528 in 7

The last month spent as artist-in-residence at Gamli Skoli, Hrisey, Iceland has given me the opportunity to pause as consider how fortunate I was to have all that time, space, and support to just make work. It gave me the headspace most importantly to just take time to read, research and experiment. I was able to work on three projects; Task 2, a series of drawing supported by external funding, and the project I proposed for the residency. This involved research into the asterism Pleiades, its mythological origins and contemporary study, prompted by the culmination event on November 21. This starting also point lead me to the DASCH Project and many beautiful poems about the stars, and the colour blue.

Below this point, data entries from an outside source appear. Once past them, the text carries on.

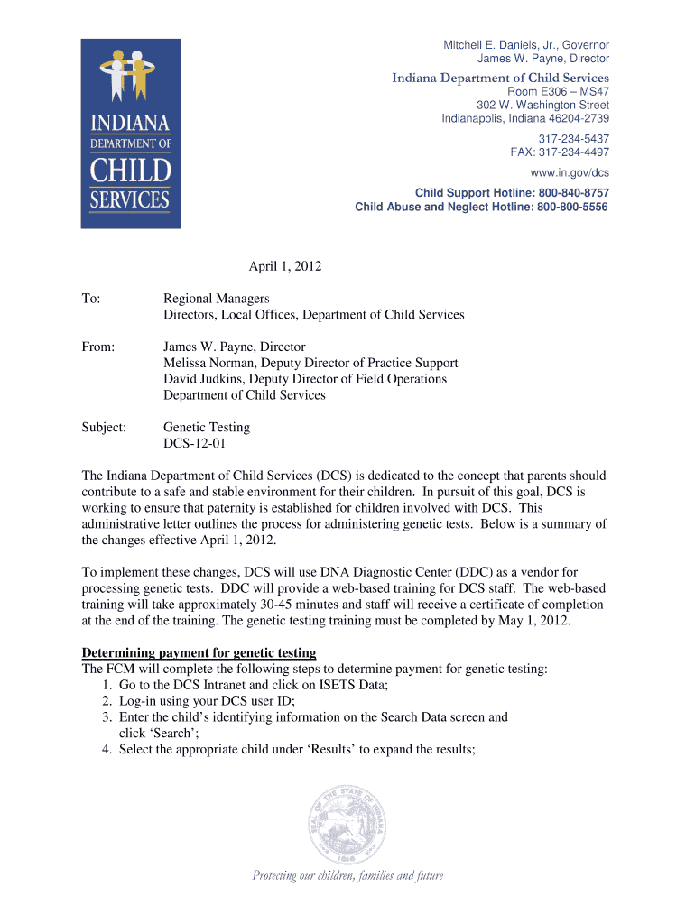 Mitchell E. Daniels, Jr., Governor James W. Payne, Director Indiana Department of Child Services Room E306 MS47 302 W. Washington Street Indianapolis, Indiana 462042739 3172345437 FAX: 3172344497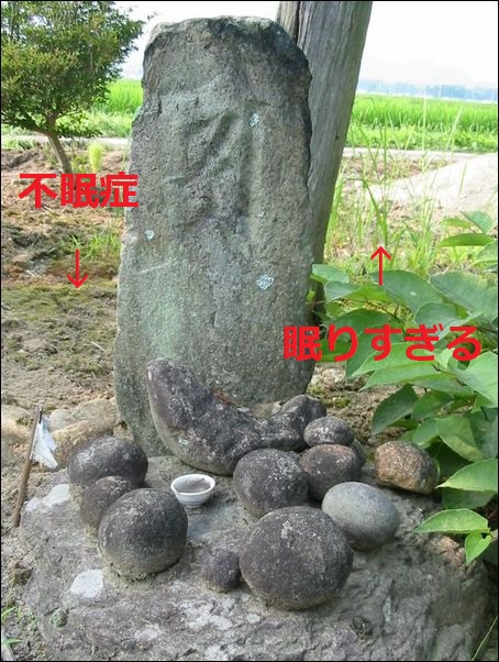 昔、子供の夜泣きに困った母親が、ある板碑に、「どうか、子供の夜泣きがやみますように…」と祈願したところ、たいへん御利益があり、すぐに夜泣きがやんだ。ところが、子供の夜泣きがやむのと同時に、今度は、子育ての疲れから、この母親が不眠症になってしまった。そこで、この母親は、再び、この板碑を訪れ、「ついでに、私の不眠症も治してください…」と祈願したところ、これもまた、たいへん御利益があり、すぐに不眠症が治癒した。そのため、いつしか、里人たちは、この板碑のことを、“ねむり明神”と呼ぶようになったという。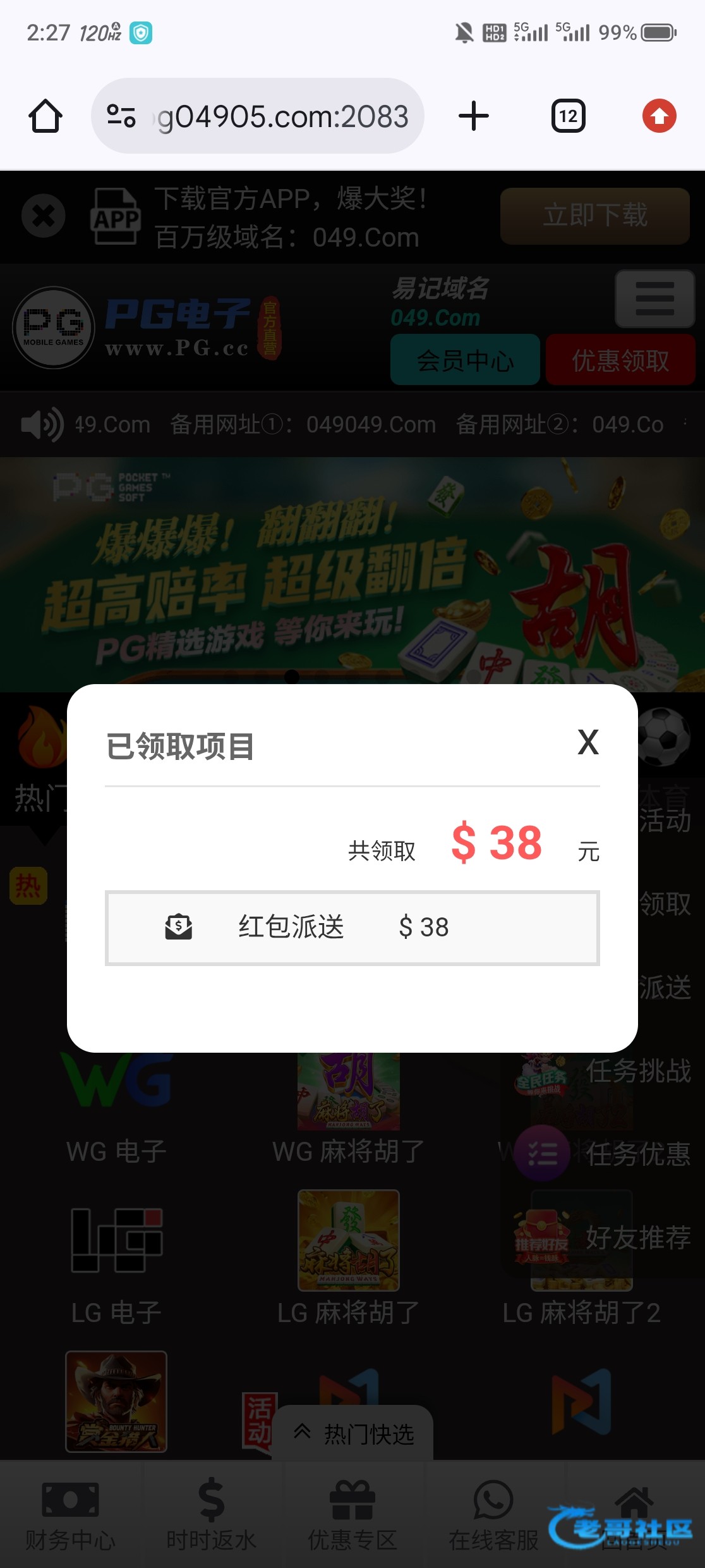Pg.cc刚登陆看了下,有就是一键领奖

Also known as the Seven Sisters, this cluster in the Taurus constellation (RA 3h 47m 24s | Dec +24° 7′ 0″), has been documented as early as 1600 BC on the Nebra Sky Disc. Pleiades provides a rich history of interpretation, documentation and lore to explore and question. Looking at non-Western interpretations alongside modern day scientific documentation, I hope that overlapping the two approaches to understanding of one subject will create a deeper understanding of a place that is intangible.

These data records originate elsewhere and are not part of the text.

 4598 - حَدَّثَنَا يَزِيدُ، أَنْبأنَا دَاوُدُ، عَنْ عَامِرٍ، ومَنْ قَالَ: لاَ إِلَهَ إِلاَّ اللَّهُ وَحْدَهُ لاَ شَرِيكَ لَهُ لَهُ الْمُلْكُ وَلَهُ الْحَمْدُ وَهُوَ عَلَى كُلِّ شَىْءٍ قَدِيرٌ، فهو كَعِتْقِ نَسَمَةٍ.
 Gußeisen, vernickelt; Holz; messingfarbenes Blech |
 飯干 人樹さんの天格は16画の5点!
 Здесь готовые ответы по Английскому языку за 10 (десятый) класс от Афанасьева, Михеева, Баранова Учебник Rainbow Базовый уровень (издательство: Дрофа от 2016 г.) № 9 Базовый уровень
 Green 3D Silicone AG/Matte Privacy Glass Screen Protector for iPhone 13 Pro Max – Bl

To this end I learned that through 7 stars are visible to the naked eye, in fact 528 stars contribute to its brightness. I wondered is all these stars are documented and named, or now much we have thought about each of them. Do they feel neglected compared to the closest brightest 7? Do they feel like sisters? I thought I would take the time to think about each one of them, by drawing a portrait of them, and thinking of a question for each as well. This has lead to a 528 line poem of questions, to be bound in an accordion book, and so far; 380 drawings.

The questions range from scientific, to personal, to moral, but are all ultimately questions I could ask myself, a friend or a sister. Harkening, the way we look up to the sky with questions about ourselves, projecting those big issues onto glimmering balls of gas, in hopes of understanding.